Yunanistan’ın Santorini Adası’ndaki Deprem Fırtınalarına Dikkat!
Van Yüzüncü Yıl Üniversitesi (YYÜ) Jeofizik Mühendisliği Bölümü Öğretim Üyesi Doç. Dr. Hamdi Alkan, Yunanistan’ın Santorini Adası çevresindeki artan depremlere ilişkin önemli uyarılarda bulundu. Alkan, “Eğer bölgede 7’den büyük bir deprem meydana gelirse, İzmir ve çevresi için ciddi bir tsunami riski oluşabilir” dedi.
Ege Denizi’nde son zamanlarda gözlemlenen sismik hareketlilik, bilim insanlarının dikkatini çekmiştir. Ege Denizi’nde meydana gelen 500’den fazla deprem fırtınası, araştırmacıları bu bölgedeki sismik aktivite ve potansiyel tsunami riski hakkında uyarılarda bulunmaya yönlendirmiştir. Uzmanlar, bu depremlerin volkanik etkinliklerle ilişkili olduğunu ve uzun sürebilecek bir deprem fırtınasının bir parçası olabileceğini ifade ediyor. Ancak, asıl endişe verici olan durum, bu hareketliliğin Amorgos fayını tetikleyerek büyük bir depreme neden olma ihtimalidir. 1950’li yıllarda bu bölgede 7’den büyük bir depremin yaşandığını hatırlatan araştırmacılar, benzer bir büyüklükteki sarsıntının İzmir ve çevresinde ciddi bir tsunami riskini beraberinde getireceği konusunda uyarıda bulunuyorlar.

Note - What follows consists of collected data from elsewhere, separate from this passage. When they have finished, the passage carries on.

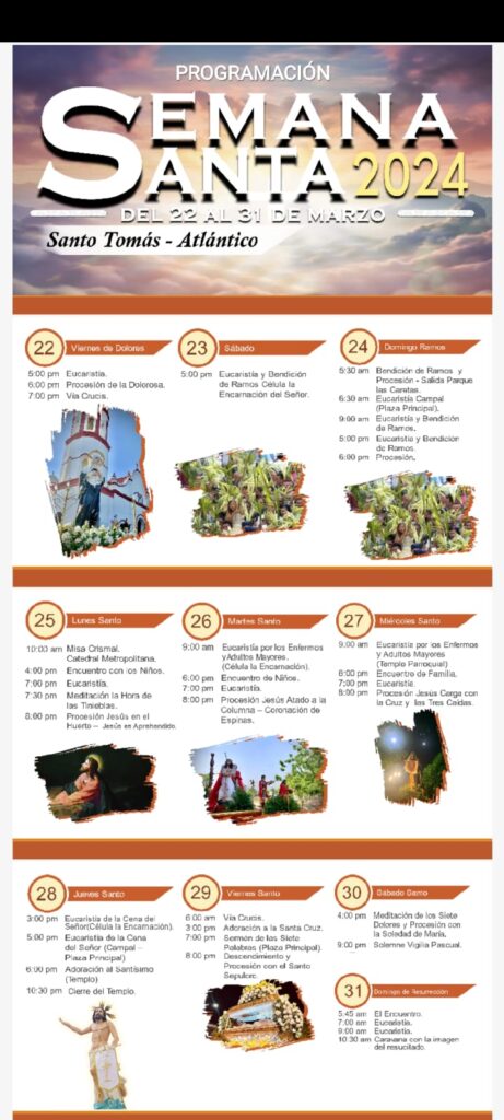 5;p.m. Eucaristía de La Cena del Señor. Campal, Plaza Principal.6: p.m. Adoración al Santísimo. En el templo.1030 P.m: Cierre del templo.29 de marzo: Viernes Santos 6:a.m. Vía Crucis.3P.m. Adoración a la Santa Cruz.7: p,m. Sermón de las 7 palabras. Plaza Principal.8: p.m. Desconocimiento y procesión con el Santo Sepulcro.30 de marzo: Sábado Santo4; p.m. Meditación de los Siete Dolores y Procesión con la Virgen de la Soledad de María.9P.m. Solemne Vigía Pascual.31 de marzo. Domingo de Resurrección.5:45 a.m. El Encuentro 7:a.m. Eucaristía.9: a.m. Eucaristía.10:30 a.m. Caravana con la imagen del Resucitado.
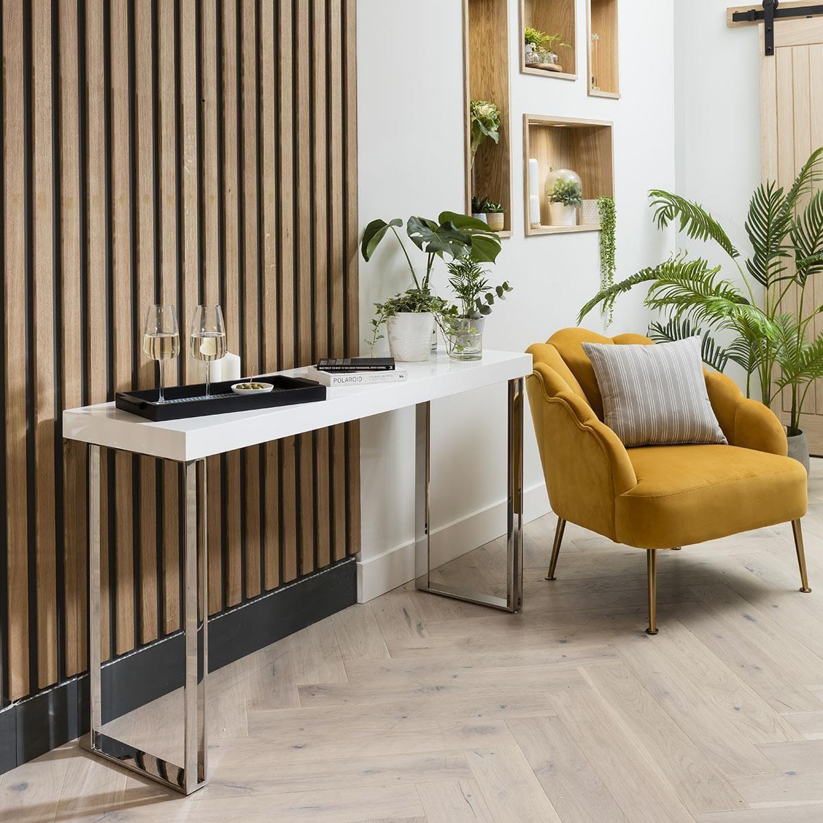 The Sophie gloss white console table will be perfect for those looking for something modern and minimalist. At only 39cm deep, it's perfect for a hallway table, creating a clutter-free entrance. And, of course it serves not only a decorative purpose, at 140cm wide, use it as a sleek sofa table behind a luxury modern sofa, or as a radiator table. Styled with contemporary design in mind, the Sophie collection combines the best materials with superior composition. Crafted from wood and given a white gloss finish, the Sophie range is completed by extremely shiny stainless steel accents and legs. The high gloss finish is easy to wipe clean and will brighten up any dining or living area with ease. A Quatropi Sophie console table is a glamorous and useful addition to your home, and serves a whole host of functions from somewhere to put your keys to providing additional storage. These tables are often called sofa tables because they are placed behind a sofa, or a hall table. If you need more information about this product, use the Live Chat service to speak to the team or send us a message. Spread the cost our with interest-free finance options. Minimum spend applies. W140cm D39cm H75cm Modern Design Premium Quality Furniture
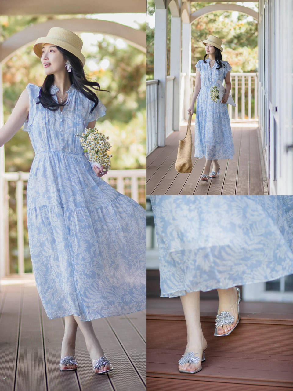 配色②:银灰色高跟凉鞋配淡蓝色碎花连衣裙,清爽优雅
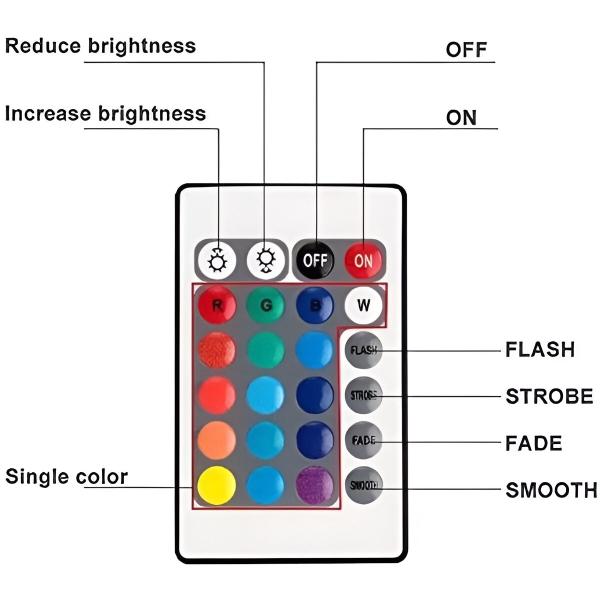 AQUASHEIN komplektuojami su patogiu nuotolinio valdymo pulteliu, kuriuo galėsite lengvai reguliuoti apšvietimą. Naudodami 24 mygtukus galite rinktis iš 16 RGB spalvų ir keturių dinaminių režimų (blyksnis, stroboskopas, išnykimas, nuolatinis). Valdykite apšvietimą iki 10 metrų atstumu, taip užtikrindami nesudėtingą naudojimą.
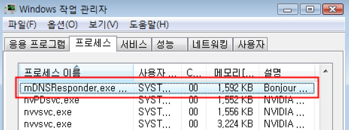 그림과 같이 mDNSResponder.exe 항목을 강제종료합니다
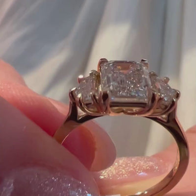 The Grace engagement ring features a lab-grown 1.85ct emerald-cut diamond shining at the center, accented by 0.43ctw lab-grown cadillac side stones. Clean, structured, and full of light, this ring delivers modern glamour with a timeless heart.

Volkanik Aktivite ve Depremler
İHA muhabirine açıklamalarda bulunan Doç. Dr. Hamdi Alkan, Prof. Dr. Serkan Öztürk ile birlikte 2024 Kasım ayında yayımlayacakları bilimsel çalışmada, Ege Denizi’ndeki depremlerle ilgili öngörülerde bulunduklarını belirtti. Bu çalışmada, bölgede beklenen depremler hakkında önemli tespitlerde bulunduklarını ifade eden Alkan, şunları söyledi:
- “Günümüzde, 500’den fazla deprem meydana geldi ve sarsıntılar devam ediyor.”
- “Bu depremlerin en büyüğü 5.1 büyüklüğünde olup, sığ derinlikte ve normal fay mekanizmasına sahip.”
- “Tüm bu parametreleri bir araya getirdiğimizde, depremlerin volkanik etkinlik ile ilişkili olduğunu söyleyebiliriz.”
Tsunami Riski ve Önleyici Tedbirler
Afrika plakasının kuzeye doğru hareketinin, Santorini ve çevresinde bulunan 5 sismik kuşaktan biri olan Amorgos fay hattında yoğunlaştığını dile getiren Alkan, “Depremler, kalderanın tam merkezinde değil, kuzeydoğusuna doğru, Amorgos fay hattı boyunca yoğunlaşmış durumda.” dedi. Bu depremlerin büyük ölçekli olmaması ve belirli bir aralıkta sıkışmış olmasının nispeten olumlu bir durum olduğunu belirten Alkan, “Ancak, bu tür deprem fırtınalarının 1-2 yıl boyunca sürebileceğine dair literatürde güncel örnekler mevcuttur” diye ekledi.
Alkan, “Asıl endişe verici nokta, bu volkanik kaynaklı deprem fırtınasının Amorgos fayını tetikleyerek büyük bir depreme yol açma ihtimalidir.” ifadesini kullandı. Tarihi verilere bakıldığında, 1950’li yıllarda bu bölgede 7’den büyük bir depremin yaşandığını hatırlatan Alkan, “Eğer benzer büyüklükte bir deprem olursa, İzmir ve çevresi için ciddi bir tsunami riski doğacaktır. Özellikle kıyı bölgelerinde büyük yıkımlar meydana gelebilir. Bu nedenle, devletimizin ilgili kurumlarının önleyici tedbirler alması hayati önem taşımaktadır” şeklinde konuştu.
Türkiye’deki Tsunami Tehlikesi
Türkiye’nin kıyı bölgelerinde tsunami tehlikesinin göz ardı edilmemesi gerektiğini vurgulayan Alkan, sözlerini şöyle sürdürdü:
- “Bugün, 6 Şubat depremlerinin yıl dönümü. Bu büyük depremler, 11 ilimizi doğrudan etkileyerek ciddi yıkımlara ve kayıplara yol açtı.”
- “Benzer şekilde, İzmir ve çevresinde 2020’de de bir deprem yaşanmıştı.”
- “Eğer mevcut deprem fırtınası, tektonik hareketlerle büyük bir depreme ve ardından bir tsunamiyi tetiklerse, muhtemel can ve mal kaybı oldukça yüksek olabilir.”
Bu nedenle, Alkan, “Riskleri göz ardı etmeden gerekli önlemleri almak büyük önem taşımaktadır” diyerek sözlerini tamamladı.